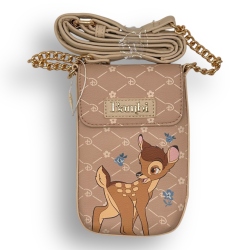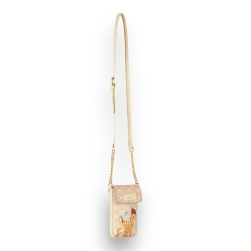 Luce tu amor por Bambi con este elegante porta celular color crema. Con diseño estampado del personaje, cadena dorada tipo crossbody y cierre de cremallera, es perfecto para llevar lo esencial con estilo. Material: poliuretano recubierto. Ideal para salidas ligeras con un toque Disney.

──────

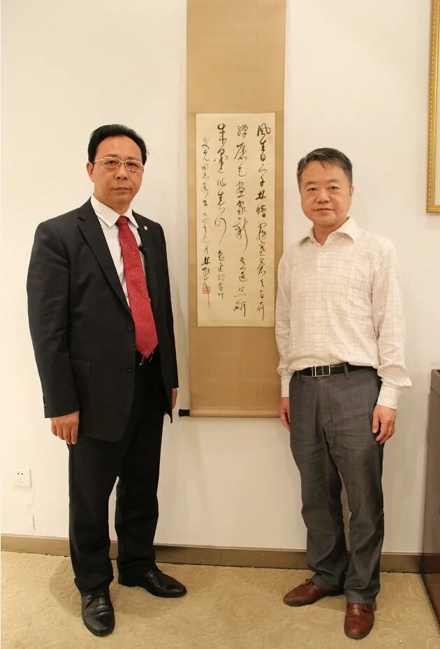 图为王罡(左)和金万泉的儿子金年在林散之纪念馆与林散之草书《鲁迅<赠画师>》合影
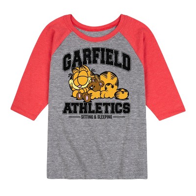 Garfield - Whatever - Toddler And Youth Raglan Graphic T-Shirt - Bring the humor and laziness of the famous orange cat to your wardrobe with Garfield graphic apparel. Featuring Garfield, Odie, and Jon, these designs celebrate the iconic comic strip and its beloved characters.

──────

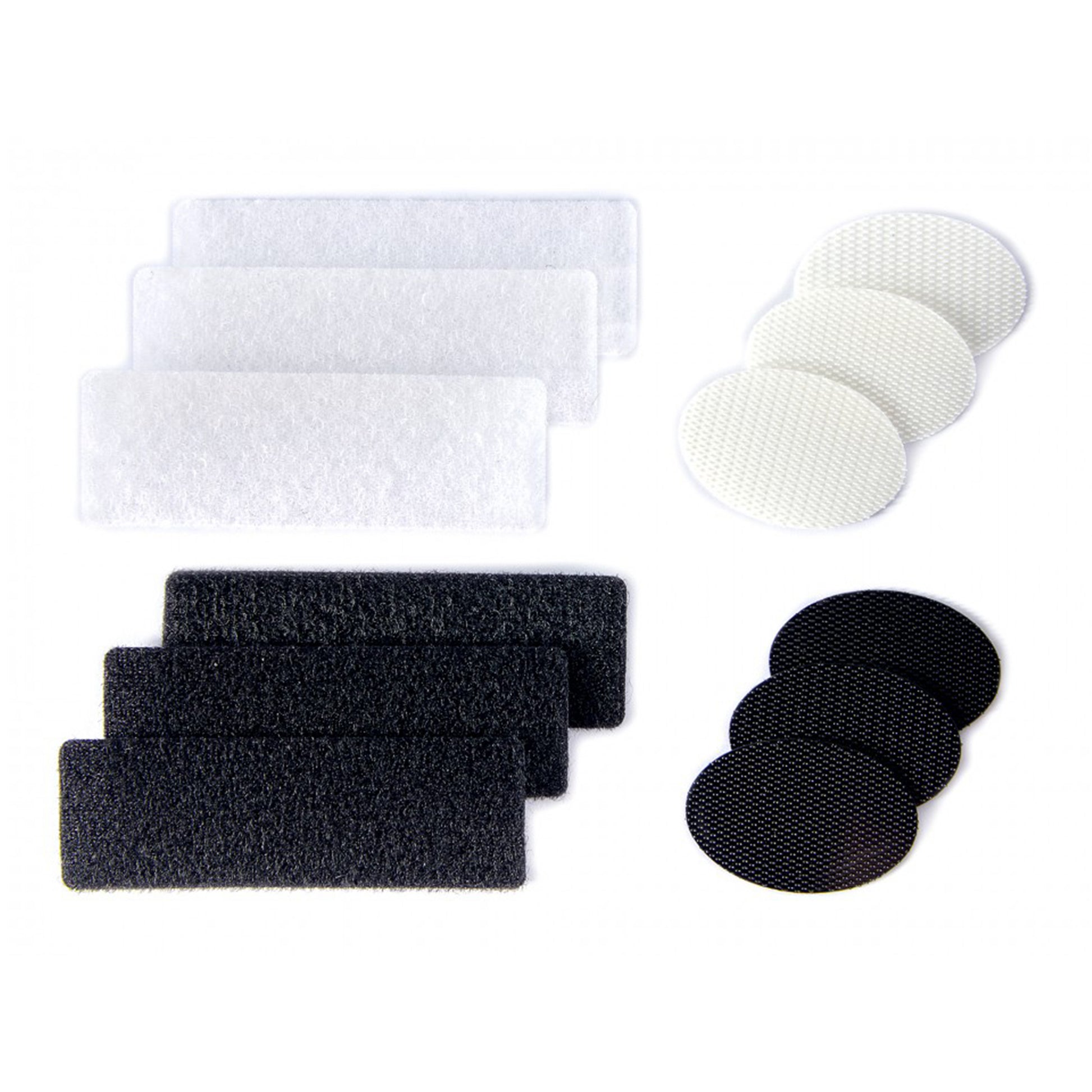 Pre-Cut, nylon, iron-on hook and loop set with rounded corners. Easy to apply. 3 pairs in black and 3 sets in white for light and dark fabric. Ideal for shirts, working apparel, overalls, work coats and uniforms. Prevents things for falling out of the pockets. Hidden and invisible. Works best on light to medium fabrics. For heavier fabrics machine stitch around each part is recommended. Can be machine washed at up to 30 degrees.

──────

TASK DIRECTIONS: What is needed is an exact copy of only the lines above from the one with "图为王罡(左)和金万泉的儿子" to the one with "Garfield - Whatever", both kept, with every picture left out.

SOLUTION FOR THIS PROBLEM:
 图为王罡(左)和金万泉的儿子金年在林散之纪念馆与林散之草书《鲁迅<赠画师>》合影
 Garfield - Whatever - Toddler And Youth Raglan Graphic T-Shirt - Bring the humor and laziness of the famous orange cat to your wardrobe with Garfield graphic apparel. Featuring Garfield, Odie, and Jon, these designs celebrate the iconic comic strip and its beloved characters.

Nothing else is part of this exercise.